The best known and most effective technique is exposure. Basically, therapy involves the subject being gradually exposed to the feared stimuli until the level of anxiety, panic, and physiological activation decreases. It is important to note that this exposure must be progressive, Establish a hierarchy with the patient. It can allow a temporary escape in situations where the anxiety is unbearable for the subject, provided that he returns to the situation.
The most effective exposure is live exposure, in which the patient is actually exposed to the dreaded stimulation. However, before that, it is possible to resort to imaginative exposure to feared situations or even exposure by means of virtual reality.
It should be borne in mind that for an anthropophobic person, the situation of going to therapy can also be aversive for the patient when faced with a situation that requires contact with another person (in fact being the subject). exponent – to his dreaded stimulus). In this regard, it may be necessary to establish a chain of steps in which the subject gradually comes into contact with the therapist by telephone, video call and finally face to face.
Besides exposure, anthropophobia is very useful cognitive restructuring work to fight any beliefs that could have generated or maintained panic at the idea of getting closer to another person. Training in social skills can also be useful (although therapy should already be advanced) and in assertiveness to improve abilities. Finally, the use of expressive therapies can be useful for them to express their fears and doubts, as well as techniques that increase self-esteem.

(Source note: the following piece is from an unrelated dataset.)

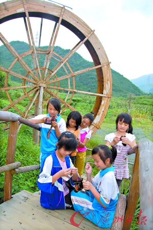 幾名瑤族少女,圍坐在緩緩轉動著的巨大水車旁,幾雙巧手飛針走線,一絲彩線靈活地在粗糙的織布上下穿刺,一個精美的吉祥圖案漸漸躍然布上。孩子們使用的刺繡技法,和中國幾乎所有刺繡方式都不同,那是在大山深處流傳有千年之久的神秘“過山瑤反面刺繡”。為了讓這一瀕臨失傳的古老藝術奇葩能夠后繼有人,乳源瑤族自治縣目前正在該縣專門接收少數民族學生就讀的學校中展開一場大規模的普及傳統民間技藝的教育。至上月止,累計4000多名瑤族少女掌握了“反面繡”的基本技法,其中佼佼者的作品,還作為珍貴禮品贈送給外賓。

Sometimes when the panic and anxiety are very intense it can be helpful occasional use of a certain type of tranquilizer such as benzodiazepines, Or certain types of antidepressants. As with social phobia, the use of paroxetine appears to be particularly helpful.
However, it should be borne in mind that this use of pharmacology would not solve the problem on its own, but only temporarily reduce anxiety symptoms. Thus, the treatment of anthropophobia and other phobias requires psychological therapy, although it may benefit from the use of pharmacology as a supplement.